From top to bottom, return the listing exactly as it appears, omitting its images.

**Source data**

········

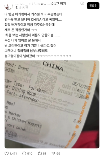 앨라배마의 한 버거킹 매장에서 주문 영수증에 한인 고객의 이름을 ‘차이나’(CHINA)라고 적은 사실이 알려지며 논란이 되고 있다.
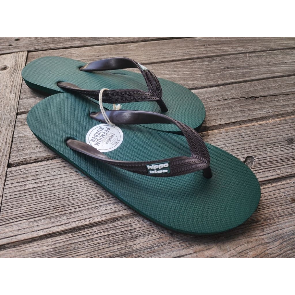 รองเท้าแตะ hippobloo สีเขียวหัวเป็ดสายน้ำตาลเข้ม
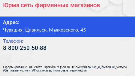 Юрма, сеть фирменных магазинов по адресу Чувашия, Цивильск, Маяковского, 45 в дальнейшем Организация, размещена в следующих категориях:
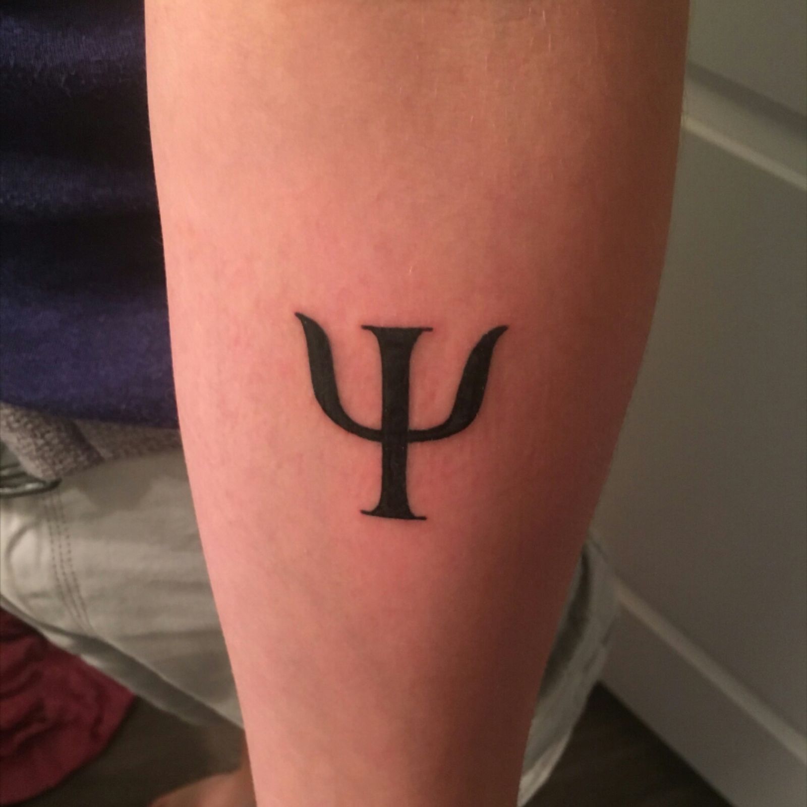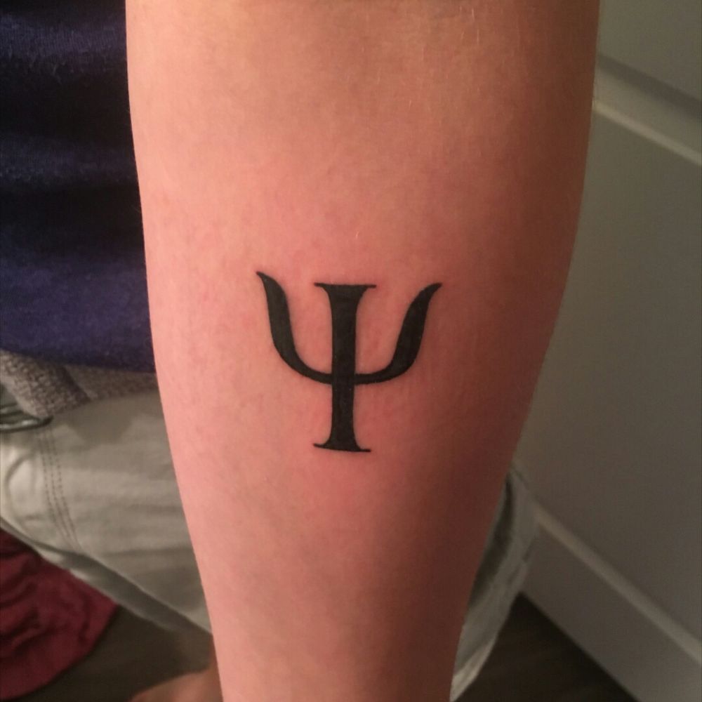 The first letter of the Greek word psuche, meaning mind/ soul, from which the term psyche arose; which gave us the word psychology. 3rd and most recent tattoo

········

**Solution to this task**
 앨라배마의 한 버거킹 매장에서 주문 영수증에 한인 고객의 이름을 ‘차이나’(CHINA)라고 적은 사실이 알려지며 논란이 되고 있다.
 รองเท้าแตะ hippobloo สีเขียวหัวเป็ดสายน้ำตาลเข้ม
 Юрма, сеть фирменных магазинов по адресу Чувашия, Цивильск, Маяковского, 45 в дальнейшем Организация, размещена в следующих категориях:
 The first letter of the Greek word psuche, meaning mind/ soul, from which the term psyche arose; which gave us the word psychology. 3rd and most recent tattoo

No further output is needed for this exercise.